Similar reference numerals refer to similar parts throughout the
several figures.
DESCRIPTION OF THE PREFERRED EMBODIMENTS
As shown in FIG. 1, the automatic inflator 10 of the invention
comprises an inflator body 12, an actuator body assembly 14, and a
cylindrical cap assembly 16. The inflator body 12 has a general
oval shape.
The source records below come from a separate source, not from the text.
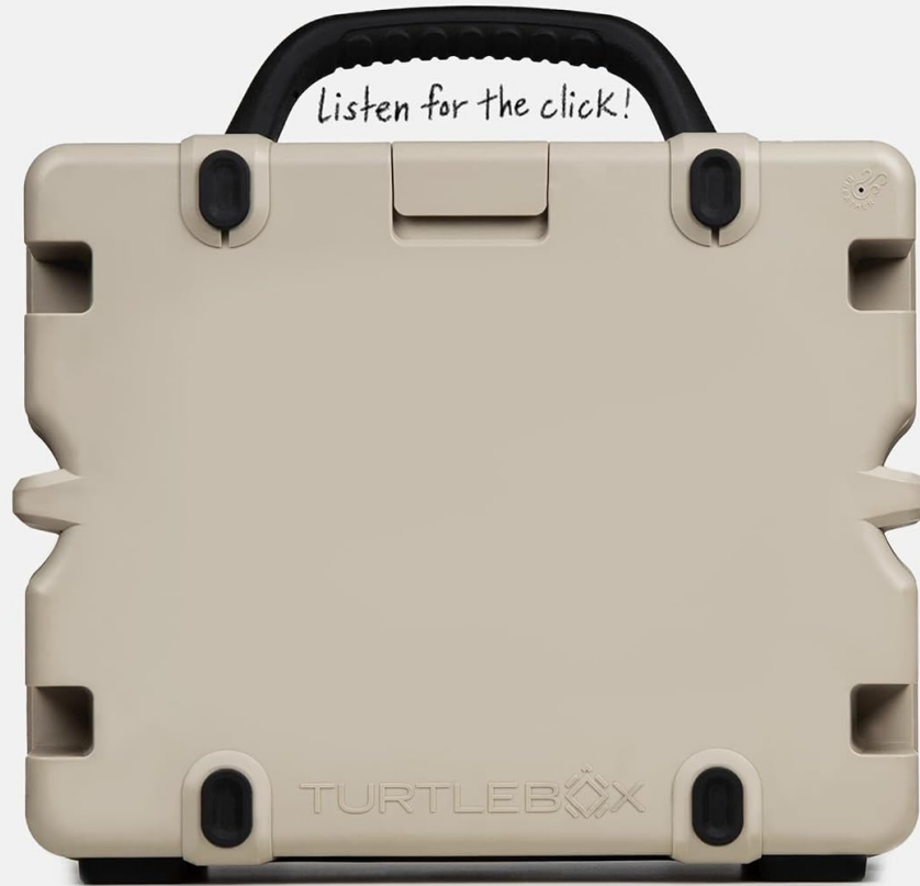
Image: Rear view of the speaker, highlighting its waterproof sealing.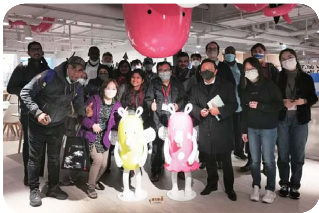
Group photo of foreign scholars at the entrance to OPEN LAB.

First of all, colleagues from OPEN LAB guided the students in using the center's space and introduced the process of booking various facilities, the reading space for various creative books, discussion rooms, recording and broadcasting rooms, creative experiment spaces, etc. After the tour, and in groups, the students experienced hand-craft experience courses, involving sewing machines, mug heat transfer printing, and badge machines. At the same time, OPEN LAB's other equipment and reading space prompted scholars to stop, visit and learn more about center colleagues. This activity was the first for the scholars in 2023. There were 20 scholars from 14 countries. They participated enthusiastically and said that they would make more use of the functions and space of this center.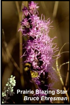
Prairie Blazing Star Bruce Ehresman

Because the Raccoon River Savanna boasts a mixture of grasslands, woodlands, and savanna, a variety of species can be found on even a short excursion. One may encounter Indian Grass, Prairie Blazing Star, Purple Prairie Clover, or Butterfly Milkweed in the prairies. Species such as Little Bluestem, Pennsylvania Sedge, Side-oats Grama, Virginia Wild Rye, and Bur Oak typify the savanna habitat. Oak and hickory species dominate the woodlands, and Solomon’s Seal, Bloodroot, Virginia Waterleaf, Columbine, and Jack-in-the-pulpit blanket the understory in the spring.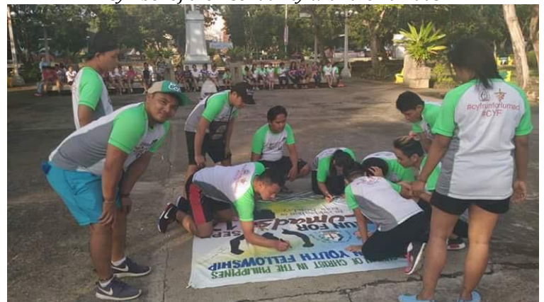
CYF while signing the Run for Lumads Tarpaulin as a symbol of their solidarity with the Lumads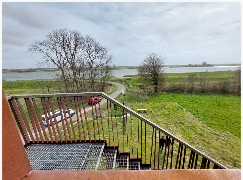
Flower Turbines Charging Station in Nissewaard View From Tower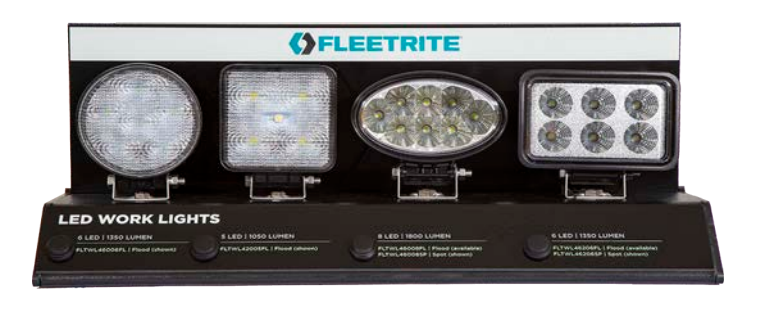
FLTWLDSP2 Work Light Display #2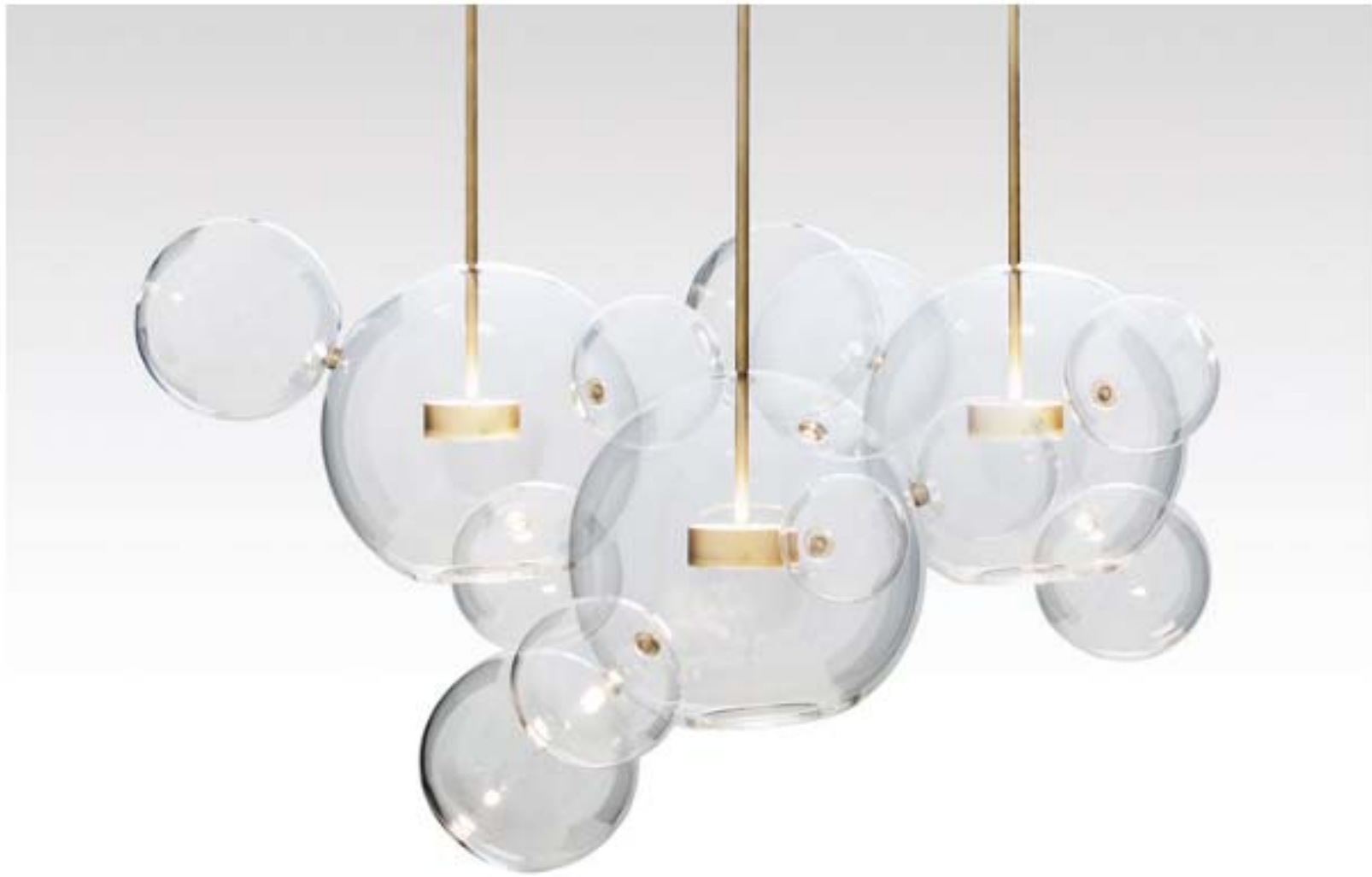
The new Bolle lamp designed by Giopato & Coombes was inspired by the lightness of soap bubbles.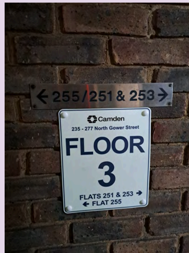
Wayfinding signage at 235-277 North Gower Street

Wayfinding signage is a visual communication tool to assist the Fire and Rescue Service in locating specific flats as they navigate their way round a building.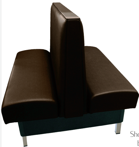
Garner Shown with espresso vinyl & brushed aluminum legs

Most preferably, the material constituting the inflator
body 12 comprises a material such as polyurethane, polyester, or
polyether, each of which are known to be commonly used in the
industry.
The inflator body 12 has a longitudinal central bore, generally
indicated by numeral 18, having an upper end and a lower end and
which is sized to receive a piercing pin assembly 20 reciprocatably
positioned therein so that a gas-containing capsule 22 is pierced
when the piercing pin assembly 20 is forcibly moved towards the
capsule 22. The piercing pin assembly 20 comprises a piercing pin
24 having a rear end portion 26, a sealing gasket 28, and a small
compression spring 30. A conventional metal insert 32, having
interior threads 34 and gasket 36, is molded in situ within the
upper portion of the inflator body 12. As seen in phantom in FIG.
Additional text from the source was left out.